■ **ABOUT THIS TASK**: Your answer should be only the lines below from the one with "Upon selecting, you’ll" to the one with "view from a", repeated exactly, ends included.

■ **RECORDS PROVIDED**:
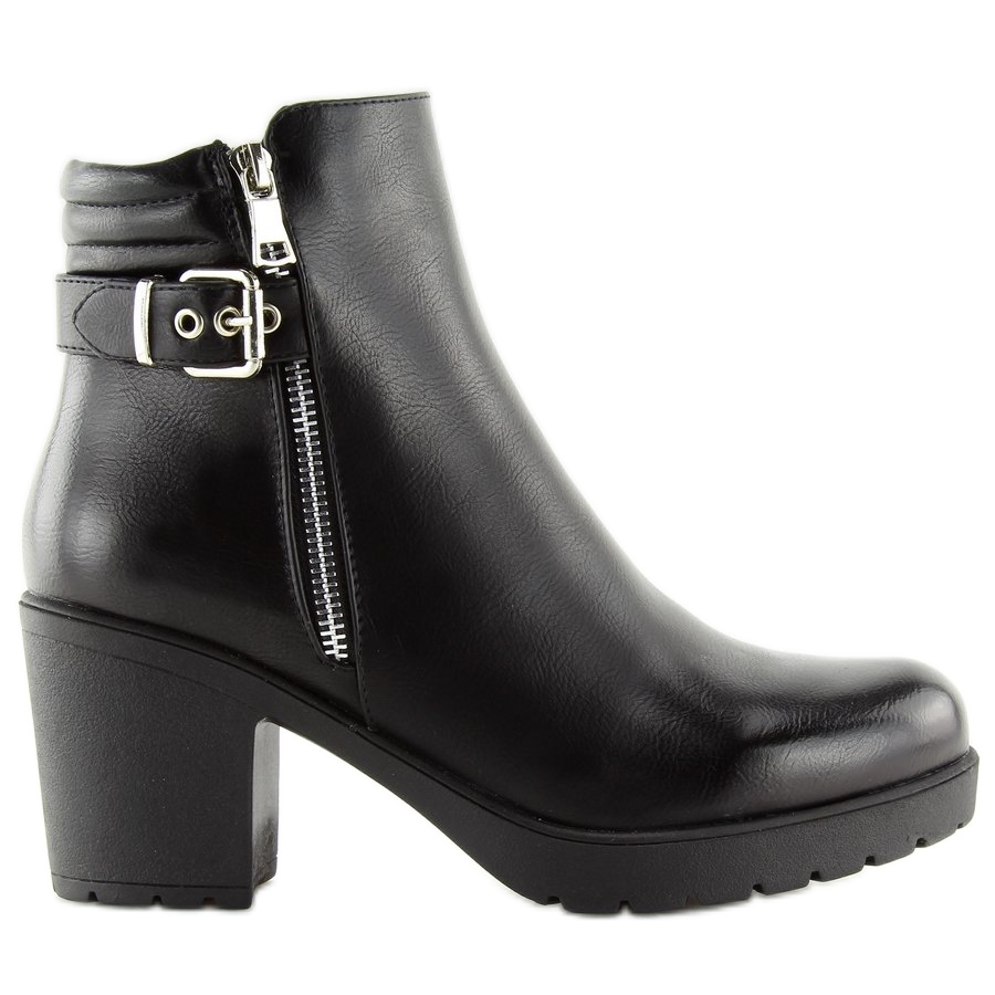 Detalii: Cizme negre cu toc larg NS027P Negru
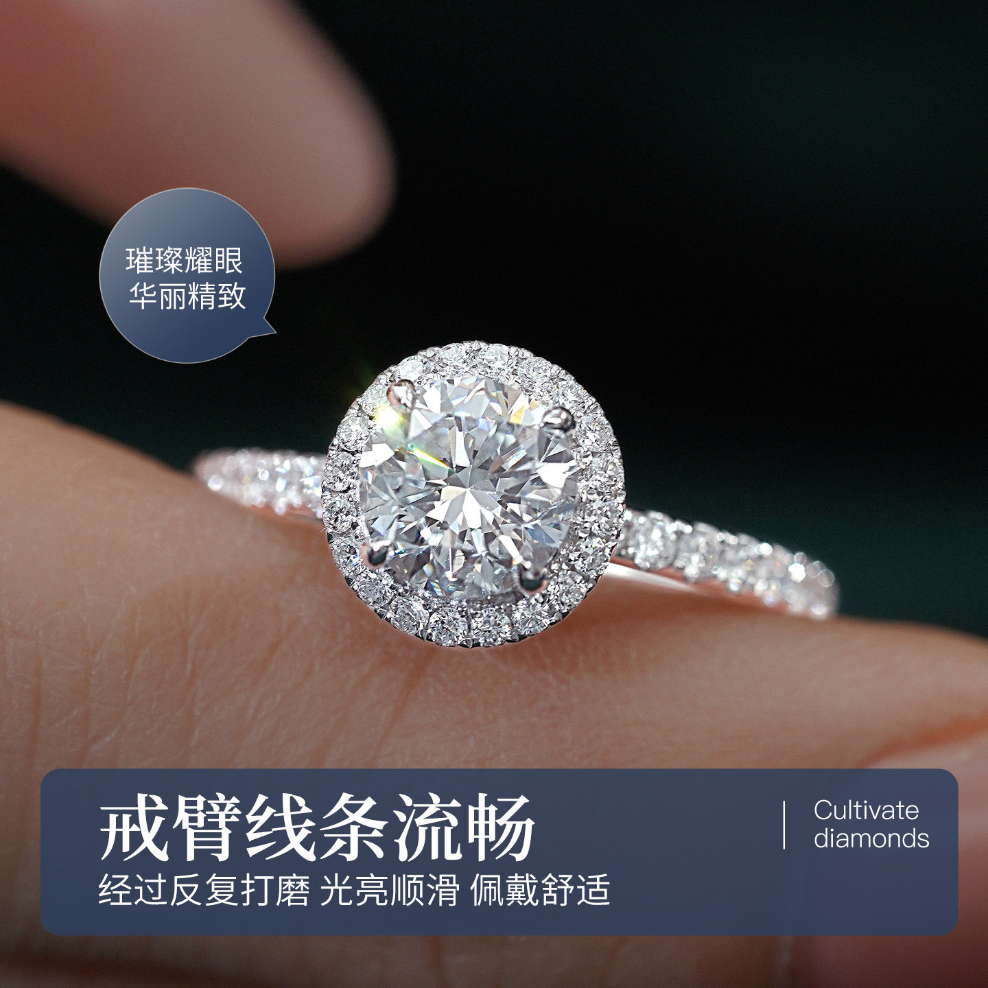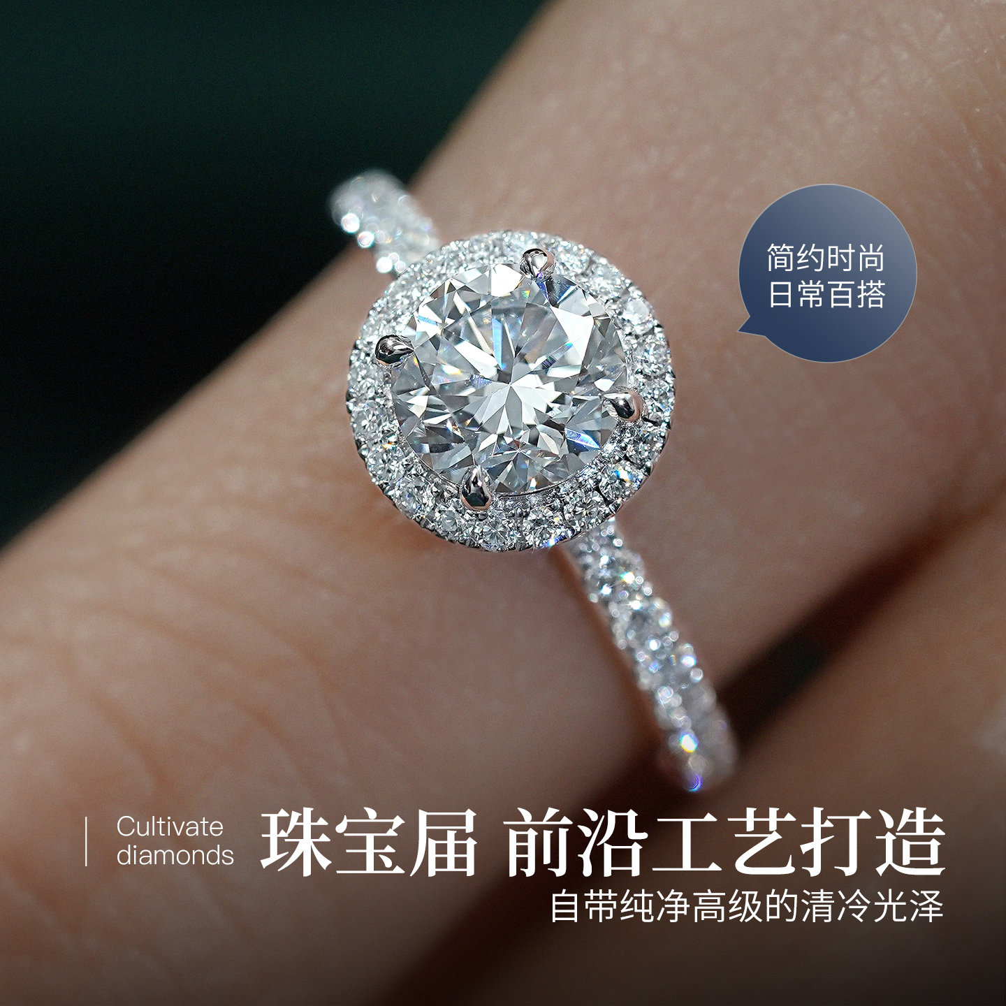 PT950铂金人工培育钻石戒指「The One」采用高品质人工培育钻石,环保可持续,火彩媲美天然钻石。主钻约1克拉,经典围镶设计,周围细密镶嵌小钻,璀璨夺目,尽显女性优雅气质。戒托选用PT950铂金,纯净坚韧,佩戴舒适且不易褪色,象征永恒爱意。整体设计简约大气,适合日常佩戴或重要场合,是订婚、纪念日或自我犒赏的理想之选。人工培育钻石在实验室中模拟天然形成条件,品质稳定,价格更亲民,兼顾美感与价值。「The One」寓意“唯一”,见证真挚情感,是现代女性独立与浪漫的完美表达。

--

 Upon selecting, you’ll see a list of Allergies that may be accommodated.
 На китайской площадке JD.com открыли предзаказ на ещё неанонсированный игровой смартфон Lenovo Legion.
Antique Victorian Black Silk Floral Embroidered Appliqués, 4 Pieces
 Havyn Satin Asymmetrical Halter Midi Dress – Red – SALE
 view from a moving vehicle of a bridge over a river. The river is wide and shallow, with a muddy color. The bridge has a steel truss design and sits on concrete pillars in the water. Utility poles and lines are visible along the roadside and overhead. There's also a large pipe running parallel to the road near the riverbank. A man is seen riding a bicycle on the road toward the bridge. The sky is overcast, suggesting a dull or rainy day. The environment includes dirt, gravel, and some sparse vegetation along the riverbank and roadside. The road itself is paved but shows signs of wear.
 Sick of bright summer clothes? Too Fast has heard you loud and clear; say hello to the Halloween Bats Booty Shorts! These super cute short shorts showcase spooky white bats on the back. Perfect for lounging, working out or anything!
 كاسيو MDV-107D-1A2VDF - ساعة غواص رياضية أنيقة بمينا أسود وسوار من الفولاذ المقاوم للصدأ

==

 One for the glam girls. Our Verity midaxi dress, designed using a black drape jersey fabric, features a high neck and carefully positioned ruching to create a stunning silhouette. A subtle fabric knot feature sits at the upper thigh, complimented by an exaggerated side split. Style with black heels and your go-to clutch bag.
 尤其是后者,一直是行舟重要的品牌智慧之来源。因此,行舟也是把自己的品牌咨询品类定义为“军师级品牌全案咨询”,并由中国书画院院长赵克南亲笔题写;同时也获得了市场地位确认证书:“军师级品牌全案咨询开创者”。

■ **FINAL ANSWER**:
 Upon selecting, you’ll see a list of Allergies that may be accommodated.
 На китайской площадке JD.com открыли предзаказ на ещё неанонсированный игровой смартфон Lenovo Legion.
Antique Victorian Black Silk Floral Embroidered Appliqués, 4 Pieces
 Havyn Satin Asymmetrical Halter Midi Dress – Red – SALE
 view from a moving vehicle of a bridge over a river. The river is wide and shallow, with a muddy color. The bridge has a steel truss design and sits on concrete pillars in the water. Utility poles and lines are visible along the roadside and overhead. There's also a large pipe running parallel to the road near the riverbank. A man is seen riding a bicycle on the road toward the bridge. The sky is overcast, suggesting a dull or rainy day. The environment includes dirt, gravel, and some sparse vegetation along the riverbank and roadside. The road itself is paved but shows signs of wear.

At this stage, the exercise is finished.